Liu He, the top economic advisor to Chinese President Xi Jinping, at the World Economic Forum in Davos, Switzerland. Jan. 24, 2018. (Gian Ehrenzeller/European Pressphoto Agency)

Gordon G. Chang is the author of “The Coming Collapse of China.”

China’s trade delegation is in Washington this week, and for the last few days, Beijing has been telegraphing its negotiating position. In advance of these crucial talks, according to Chinese trade observers, China’s vice premier and top economic aide, Liu He, will offer market-opening moves and agree to step up purchases of American goods.

The leader of China’s negotiating team apparently has two bottom lines, however. First, Liu reportedly will not make a deal unless Washington agrees to lift its seven-year ban on the transfers of products and technology to ZTE Corp., the embattled Chinese telecom giant.

Second, and perhaps more important, Liu reportedly will not make any concessions on his country’s industrial policies, especially the “Made in China 2025” initiative. CM2025, as it is known in China, seeks to make China nearly self-sufficient in just a decade across 10 crucial industries, including aircraft, robotics, electric cars and computer chips.

Why is CM2025 non-negotiable? Because it is at the heart of Chinese President Xi Jinping’s industrial policy. And his industrial policy is at the heart of his plan to make China the world’s technological leader and to establish China as the world’s dominant economy. The willful Chinese ruler is letting nothing, including trade obligations, get in his way.

The breathtaking initiative looks like history’s biggest assault on the World Trade Organization.
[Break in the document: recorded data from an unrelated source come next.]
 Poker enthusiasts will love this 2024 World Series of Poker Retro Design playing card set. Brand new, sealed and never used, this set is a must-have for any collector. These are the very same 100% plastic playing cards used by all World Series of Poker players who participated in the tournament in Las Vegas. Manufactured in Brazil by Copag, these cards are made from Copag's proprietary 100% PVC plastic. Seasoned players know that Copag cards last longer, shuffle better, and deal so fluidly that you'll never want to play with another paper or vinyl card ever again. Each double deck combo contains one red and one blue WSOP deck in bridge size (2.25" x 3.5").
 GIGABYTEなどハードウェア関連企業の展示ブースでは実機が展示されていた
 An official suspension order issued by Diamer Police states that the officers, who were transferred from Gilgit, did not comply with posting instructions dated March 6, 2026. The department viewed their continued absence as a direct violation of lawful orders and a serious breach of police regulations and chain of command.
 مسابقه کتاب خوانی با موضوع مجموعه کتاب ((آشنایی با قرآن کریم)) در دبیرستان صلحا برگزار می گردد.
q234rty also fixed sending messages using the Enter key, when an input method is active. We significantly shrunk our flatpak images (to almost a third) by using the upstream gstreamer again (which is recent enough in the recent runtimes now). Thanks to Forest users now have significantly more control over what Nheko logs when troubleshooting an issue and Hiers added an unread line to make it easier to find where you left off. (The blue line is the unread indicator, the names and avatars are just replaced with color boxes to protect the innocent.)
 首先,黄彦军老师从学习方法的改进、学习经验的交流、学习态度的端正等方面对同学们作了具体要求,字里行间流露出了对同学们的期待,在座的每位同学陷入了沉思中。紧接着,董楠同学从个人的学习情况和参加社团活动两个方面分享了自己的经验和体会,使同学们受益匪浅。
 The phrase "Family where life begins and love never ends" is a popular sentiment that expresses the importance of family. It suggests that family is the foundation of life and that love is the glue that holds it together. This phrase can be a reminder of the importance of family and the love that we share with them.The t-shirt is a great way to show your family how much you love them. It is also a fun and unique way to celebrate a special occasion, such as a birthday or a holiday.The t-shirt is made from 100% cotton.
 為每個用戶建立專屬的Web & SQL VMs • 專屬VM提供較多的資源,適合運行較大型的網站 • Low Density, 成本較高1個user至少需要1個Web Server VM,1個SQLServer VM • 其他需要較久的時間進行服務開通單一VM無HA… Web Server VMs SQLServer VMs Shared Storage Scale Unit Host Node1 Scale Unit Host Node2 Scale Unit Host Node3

To achieve its ambitions, Beijing has rolled out large, low-interest loans from state investment funds and development banks, aid for the purchase of foreign tech companies, and research subsidies galore, some of which appear to be clear violations of WTO policies.

Worse, Beijing has also set out specific goals for market shares by industry, and the plan aims for near self-sufficiency in components by 2020 and in materials by 2025. These goals, on their face, have made China a WTO outlaw.
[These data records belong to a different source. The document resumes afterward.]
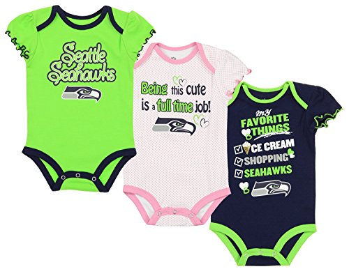 シアトル・シーホークスNFL Infant Girls 3 Piece Creeperボディスーツセット、ネイビー/グリーン/ホワイト
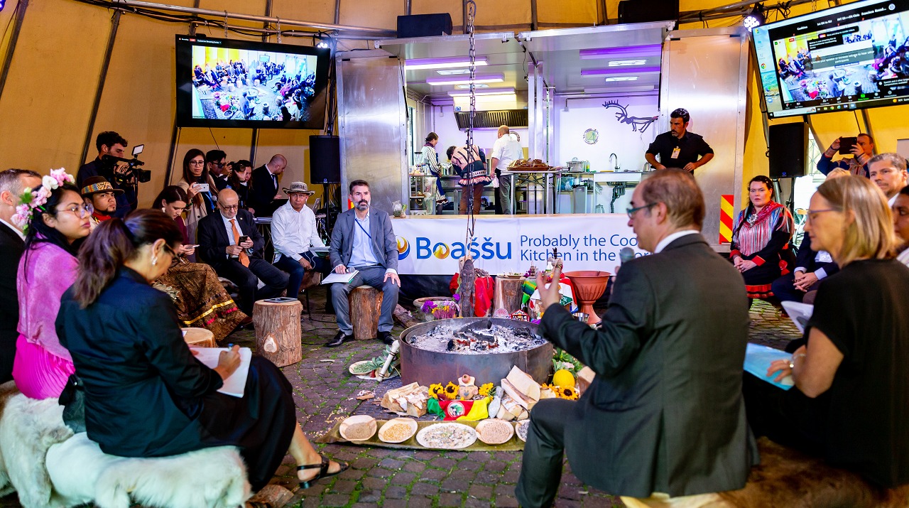Foto: Participantes en la carpa de los pueblos indígenas, junto al fuego, durante el debate sobre los sistemas alimentarios de los pueblos indígenas, en el segundo día del II Foro Mundial de la Alimentación, organizado por la Organización de las Naciones Unidas para la Agricultura y la Alimentación, en la sede de la FAO en Roma, Italia, 18/oct/22. El Foro Mundial de la Alimentación es una nueva iniciativa que se centra en la seguridad alimentaria mundial, La idea principal del foro de este año es: Dietas saludables. Planeta sano. (Foto de Dominika Zarzycka/Sipa USA)
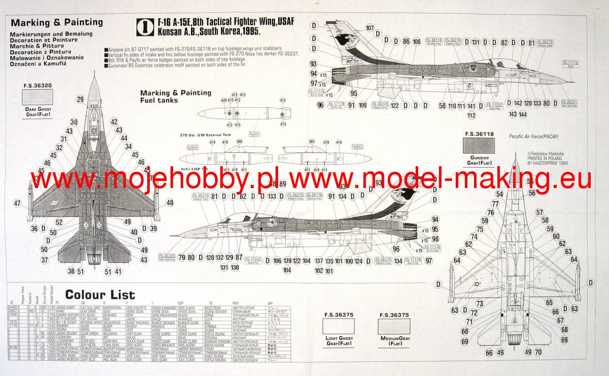 Note: Comany Mistercraft frequently changes, without any notice, the decals that come with the model, so they may differ from the photos and descriptions on our website. If you need a specific version, please let us know about that by entering the appropriate notice in the comments field when placing the order. The General-Dynamics F16 Falcon is an American single-engine, multi-role light fighter and stormtrooper. Work on the F-16 project began in 1971 at the General Dynamics concern (which in 1993 was part of the Lockheed Martin giant), entering the competition for a light multi-purpose fighter (LWF) for the US Air Force. The YF-16 prototype first flew on February 2, 1974. A breakthrough in technical terms was the use of a computerized electric fly-by-wire control system, which made it possible to reduce the area of the wings and tail, and thus reduce the weight of the entire aircraft. The F-16 was the first fighter in the world to use such a system. The first versions were to a large extent made of aluminum alloys (about 83% of the total structure), but with time they gave way to composites. The different versions of the F-16 are powered by three versions of the engines: Pratt-Whitney F-100-PW-200, General Electric F110-GE100 and Pratt-Whitney F-100-PW-2020. The "brain" of the guidance system was the APG-66 radar, later replaced by the APG-68 (V) radar. It is worth noting that the YF-16 design turned out to be so successful that it won not only the LWF competition in the USA (in competition with the Northrop YF-17 aircraft), but also won the centenary contract for a multi-role fighter for European NATO countries. His rivals were the Dassault Mirage F.1 and SAAB J-37 Viggen machines. Serial production of the F-16 began in 1975. It was also attended by European NATO countries for which it was an injection of new aviation technologies. Final assembly was performed in the USA, Belgium and the Netherlands. The first serial F-16A Fighting Falcon was flown on August 7, 1978. It is an assault version of the F-16, intended primarily to counter ground targets. The F-16 also proved itself in combat, with a series of air victories in the war in Lebanon (1982) and during the Operation Desert Storm (1991). By the end of the 20th century, more than 4,000 of this successful aircraft had been produced. There were six basic versions of the F-16, marked as A, C, E (single-seater) and B, D, F (two-seater). On the basis of these six models, numerous upgrades are created, most often associated with the replacement of avionics, marked as "Block". Since 2006, the F-16 also serves in the Polish aviation. The Polish Ministry of Defense decided that the F-16 would be the backbone of the modernized air force, rejecting offers from Dessault and SAAB, although in this case they were Mirrage F2000 and JAS-39 Grippen fighters. Undoubtedly, the highest sum proposed by the American company as part of the so-called offset transaction. Technical data: Maximum speed: 2,170 km / h, rate of climb: 254 m / s, maximum ceiling 15240m, maximum range: 3890km, armament: fixed - one 20mm six-barrel M61A-1 cannon, suspended - up to 9275 kg of cargo.
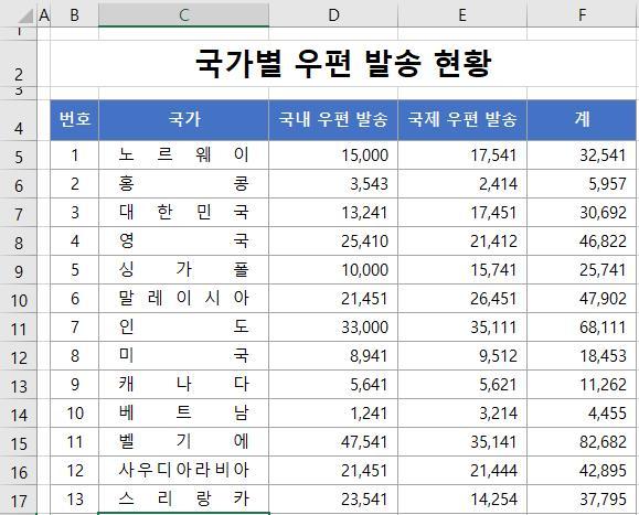 ① 먼저 국가명 필드에 있는 데이터의 공백을 제거하는 방법부터 하겠습니다. 그래야 나중에 균등하게 맞춰집니다. [C5:C20] 영역을 범위로 지정합니다
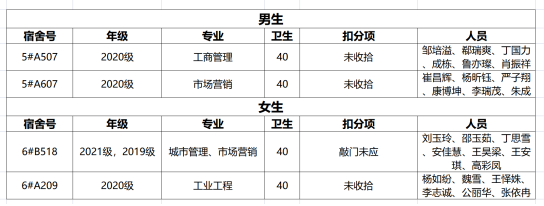 不合格宿舍如下:
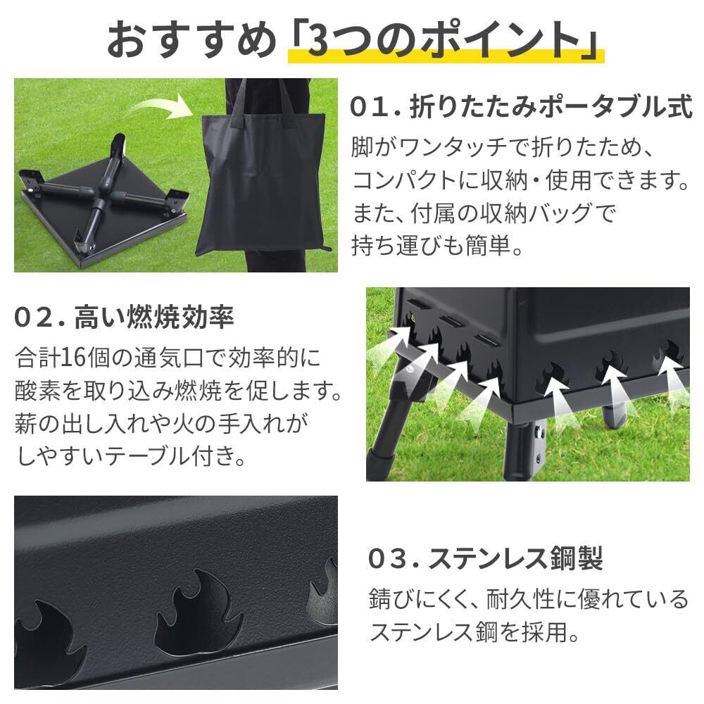 【在庫セール】薪ストーブ キャンプ 二次燃焼 【置くだけでコンロ調理もできる】 小型 ミニ キャンプ用 アウトドア ポータブル 折りたたみ コンパクト 軽量 持ち運び ウッドストーブ ソロ キャンプストーブ 薪 簡易 焚き火台 焚き火 スタンド 収納袋 付き ストーブ 暖房 調理 料理 コンロ | paghag
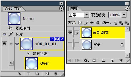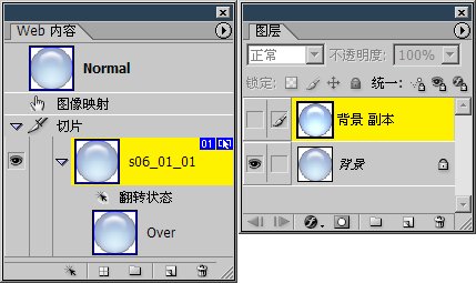 点击Web内容调板下方的新建按钮,将建立一个翻转设定。位于上方的s060101代表正常状态,因此我们要在图层调板中隐藏背景副本层,如下上图。
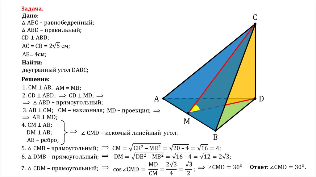 3. AB ⊥ CM; CM – наклонная; MD – проекция; ⟹
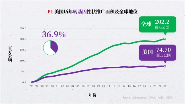 美国转基因作物种植面积约占全球的 36.9%,一直是全球转基因作物第一种植大国。

Beijing’s requirement that foreign companies hand over technology for market access contradicts WTO obligations. There are also government-procurement rules that look like breaches, as they favor the acquisition of Chinese-made tech, as well as market barriers subject to other challenges. Moreover, Beijing has, even before the formal beginning of CM2025, employed theft, much of it by cyber means.